=== Problem requirements ===
Your answer must be the lines of the material below, exactly as written, from its first line through the line with "Charming Oval Porcelain", and no pictures.

=== Provided data ===

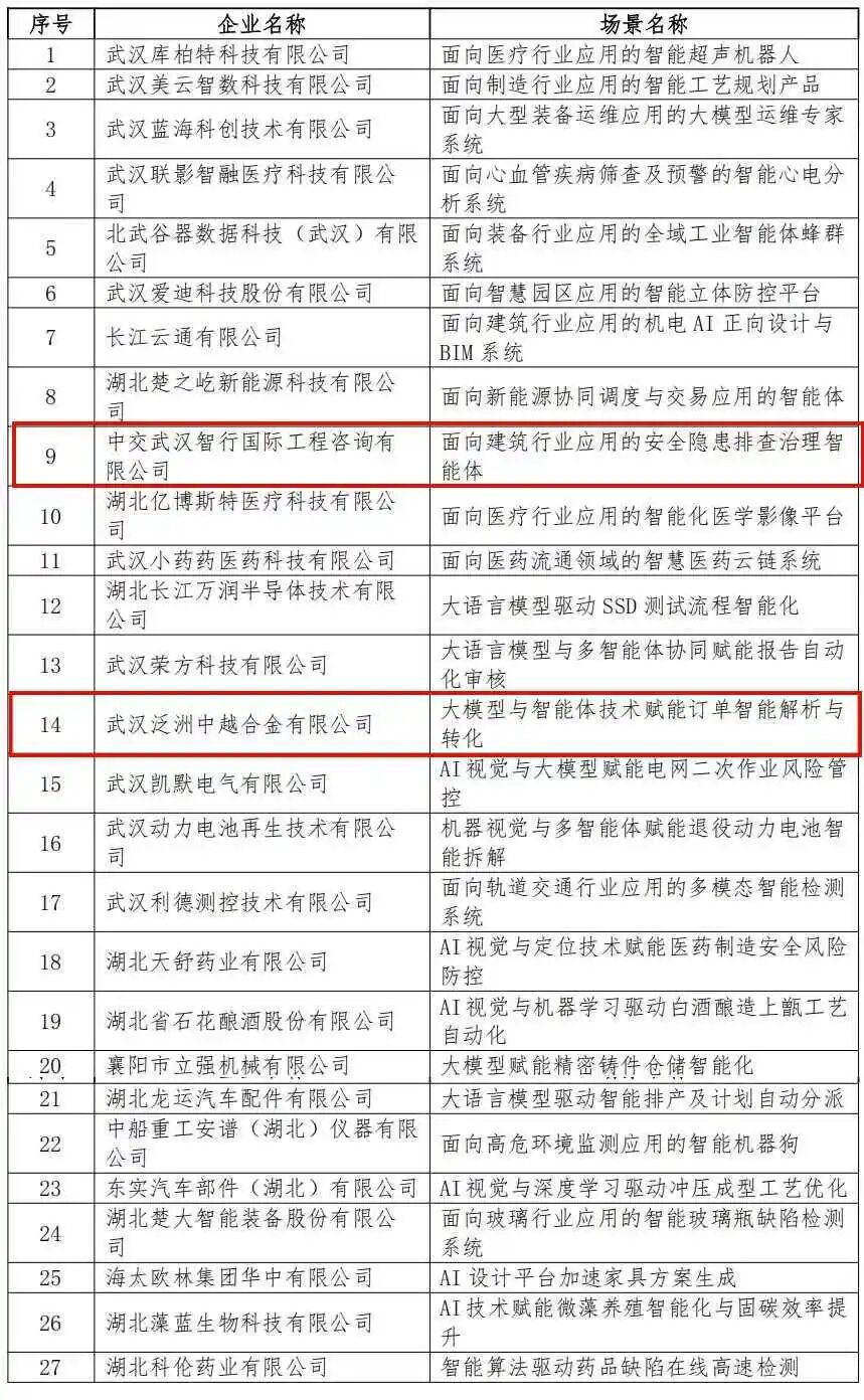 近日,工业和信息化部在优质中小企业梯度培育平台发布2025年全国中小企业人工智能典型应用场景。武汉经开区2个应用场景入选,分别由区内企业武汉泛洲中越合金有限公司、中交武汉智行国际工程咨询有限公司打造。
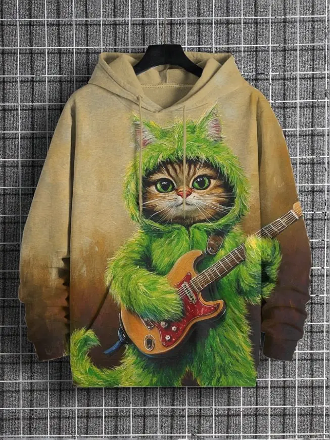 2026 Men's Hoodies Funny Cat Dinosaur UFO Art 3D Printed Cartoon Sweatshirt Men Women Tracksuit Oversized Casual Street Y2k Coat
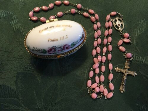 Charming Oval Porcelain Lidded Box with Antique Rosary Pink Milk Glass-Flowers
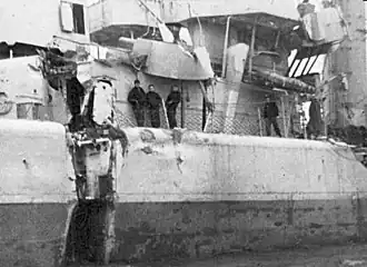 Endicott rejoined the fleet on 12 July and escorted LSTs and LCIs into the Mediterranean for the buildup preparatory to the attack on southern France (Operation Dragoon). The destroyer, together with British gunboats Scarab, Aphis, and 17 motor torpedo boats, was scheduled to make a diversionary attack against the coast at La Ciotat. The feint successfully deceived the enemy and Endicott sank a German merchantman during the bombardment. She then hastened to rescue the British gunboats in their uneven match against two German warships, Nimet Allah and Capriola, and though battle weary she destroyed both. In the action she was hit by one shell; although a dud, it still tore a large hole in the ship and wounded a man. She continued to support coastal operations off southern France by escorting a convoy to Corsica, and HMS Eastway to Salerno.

=== Response for this exercise ===
 近日,工业和信息化部在优质中小企业梯度培育平台发布2025年全国中小企业人工智能典型应用场景。武汉经开区2个应用场景入选,分别由区内企业武汉泛洲中越合金有限公司、中交武汉智行国际工程咨询有限公司打造。
 2026 Men's Hoodies Funny Cat Dinosaur UFO Art 3D Printed Cartoon Sweatshirt Men Women Tracksuit Oversized Casual Street Y2k Coat
 Charming Oval Porcelain Lidded Box with Antique Rosary Pink Milk Glass-Flowers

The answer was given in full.